Start of Block
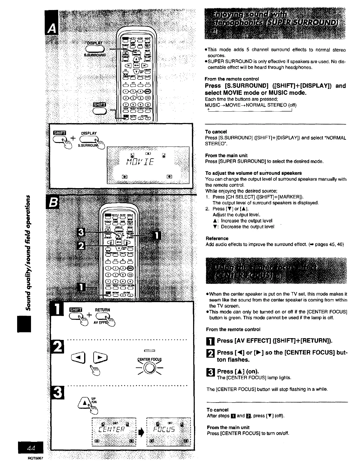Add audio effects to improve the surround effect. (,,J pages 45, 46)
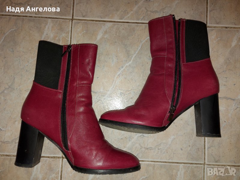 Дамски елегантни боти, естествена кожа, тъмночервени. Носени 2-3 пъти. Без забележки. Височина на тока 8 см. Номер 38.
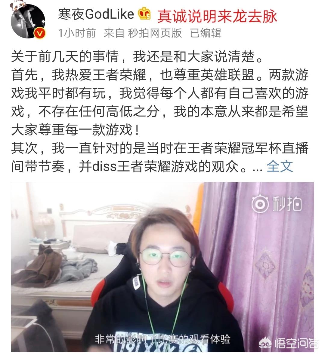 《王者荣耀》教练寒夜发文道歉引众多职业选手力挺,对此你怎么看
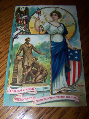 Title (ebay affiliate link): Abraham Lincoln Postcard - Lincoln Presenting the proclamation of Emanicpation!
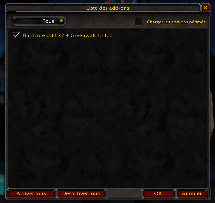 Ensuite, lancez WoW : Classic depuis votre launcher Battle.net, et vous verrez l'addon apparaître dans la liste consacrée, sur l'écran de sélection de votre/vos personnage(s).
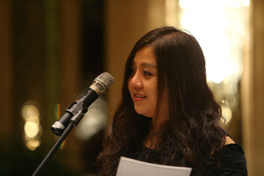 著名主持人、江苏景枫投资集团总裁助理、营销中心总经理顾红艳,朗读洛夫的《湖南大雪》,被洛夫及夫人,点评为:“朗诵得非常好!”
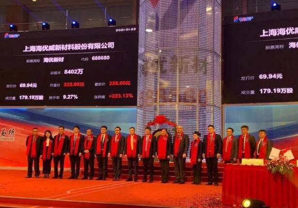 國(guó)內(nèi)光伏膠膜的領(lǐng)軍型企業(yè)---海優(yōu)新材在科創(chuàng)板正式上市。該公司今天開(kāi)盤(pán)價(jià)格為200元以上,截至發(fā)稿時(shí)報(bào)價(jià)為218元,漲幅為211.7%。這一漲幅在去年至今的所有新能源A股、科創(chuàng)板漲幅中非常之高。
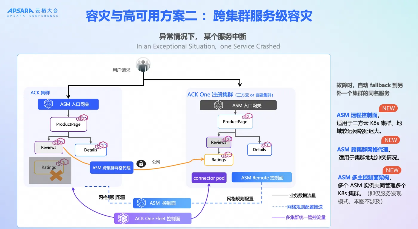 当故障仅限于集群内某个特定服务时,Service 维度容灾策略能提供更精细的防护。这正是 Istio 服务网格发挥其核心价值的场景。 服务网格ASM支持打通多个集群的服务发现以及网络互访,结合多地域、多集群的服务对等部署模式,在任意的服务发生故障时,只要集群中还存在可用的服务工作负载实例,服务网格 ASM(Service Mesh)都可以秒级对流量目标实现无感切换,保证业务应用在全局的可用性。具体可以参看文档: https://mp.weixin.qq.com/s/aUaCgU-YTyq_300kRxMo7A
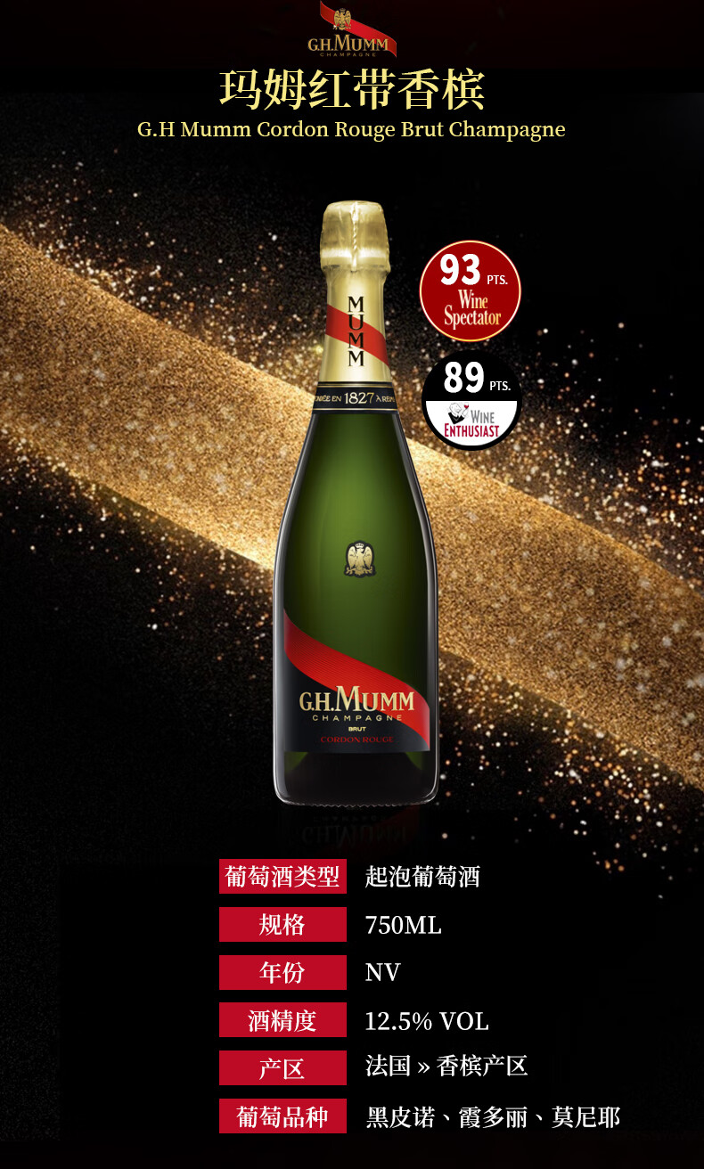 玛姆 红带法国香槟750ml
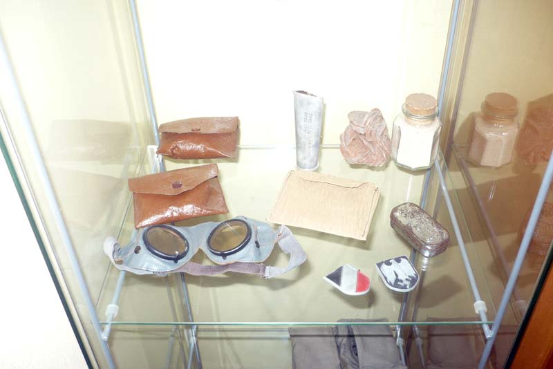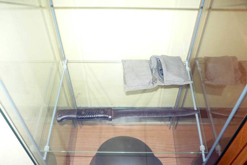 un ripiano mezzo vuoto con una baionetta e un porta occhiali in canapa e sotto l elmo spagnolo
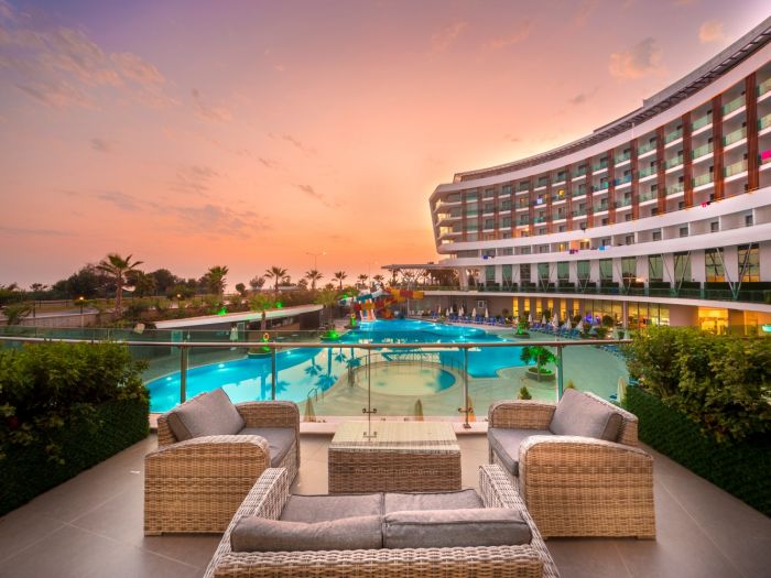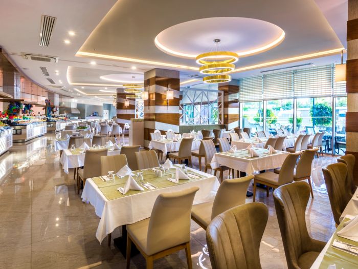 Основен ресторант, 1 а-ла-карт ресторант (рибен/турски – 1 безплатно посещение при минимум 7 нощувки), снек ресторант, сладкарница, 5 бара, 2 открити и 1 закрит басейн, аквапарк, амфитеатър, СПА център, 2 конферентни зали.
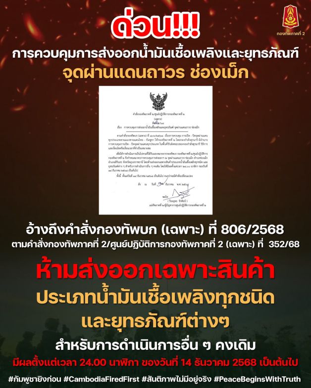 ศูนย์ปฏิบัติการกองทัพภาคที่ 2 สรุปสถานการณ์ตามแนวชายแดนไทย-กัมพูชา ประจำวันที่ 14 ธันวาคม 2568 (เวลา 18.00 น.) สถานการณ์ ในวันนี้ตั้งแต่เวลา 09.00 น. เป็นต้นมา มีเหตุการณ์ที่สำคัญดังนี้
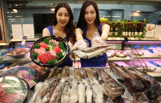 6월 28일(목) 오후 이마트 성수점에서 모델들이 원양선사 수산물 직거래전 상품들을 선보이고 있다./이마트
End of Block
EXERCISE INSTRUCTIONS => Give back every record above word for word, dropping pictures.

EXPECTED ANSWER =>
Add audio effects to improve the surround effect. (,,J pages 45, 46)
 Дамски елегантни боти, естествена кожа, тъмночервени. Носени 2-3 пъти. Без забележки. Височина на тока 8 см. Номер 38.
 《王者荣耀》教练寒夜发文道歉引众多职业选手力挺,对此你怎么看
 Title (ebay affiliate link): Abraham Lincoln Postcard - Lincoln Presenting the proclamation of Emanicpation!
 Ensuite, lancez WoW : Classic depuis votre launcher Battle.net, et vous verrez l'addon apparaître dans la liste consacrée, sur l'écran de sélection de votre/vos personnage(s).
 著名主持人、江苏景枫投资集团总裁助理、营销中心总经理顾红艳,朗读洛夫的《湖南大雪》,被洛夫及夫人,点评为:“朗诵得非常好!”
 國(guó)內(nèi)光伏膠膜的領(lǐng)軍型企業(yè)---海優(yōu)新材在科創(chuàng)板正式上市。該公司今天開(kāi)盤(pán)價(jià)格為200元以上,截至發(fā)稿時(shí)報(bào)價(jià)為218元,漲幅為211.7%。這一漲幅在去年至今的所有新能源A股、科創(chuàng)板漲幅中非常之高。
 当故障仅限于集群内某个特定服务时,Service 维度容灾策略能提供更精细的防护。这正是 Istio 服务网格发挥其核心价值的场景。 服务网格ASM支持打通多个集群的服务发现以及网络互访,结合多地域、多集群的服务对等部署模式,在任意的服务发生故障时,只要集群中还存在可用的服务工作负载实例,服务网格 ASM(Service Mesh)都可以秒级对流量目标实现无感切换,保证业务应用在全局的可用性。具体可以参看文档: https://mp.weixin.qq.com/s/aUaCgU-YTyq_300kRxMo7A
 玛姆 红带法国香槟750ml
 un ripiano mezzo vuoto con una baionetta e un porta occhiali in canapa e sotto l elmo spagnolo
 Основен ресторант, 1 а-ла-карт ресторант (рибен/турски – 1 безплатно посещение при минимум 7 нощувки), снек ресторант, сладкарница, 5 бара, 2 открити и 1 закрит басейн, аквапарк, амфитеатър, СПА център, 2 конферентни зали.
 ศูนย์ปฏิบัติการกองทัพภาคที่ 2 สรุปสถานการณ์ตามแนวชายแดนไทย-กัมพูชา ประจำวันที่ 14 ธันวาคม 2568 (เวลา 18.00 น.) สถานการณ์ ในวันนี้ตั้งแต่เวลา 09.00 น. เป็นต้นมา มีเหตุการณ์ที่สำคัญดังนี้
 6월 28일(목) 오후 이마트 성수점에서 모델들이 원양선사 수산물 직거래전 상품들을 선보이고 있다./이마트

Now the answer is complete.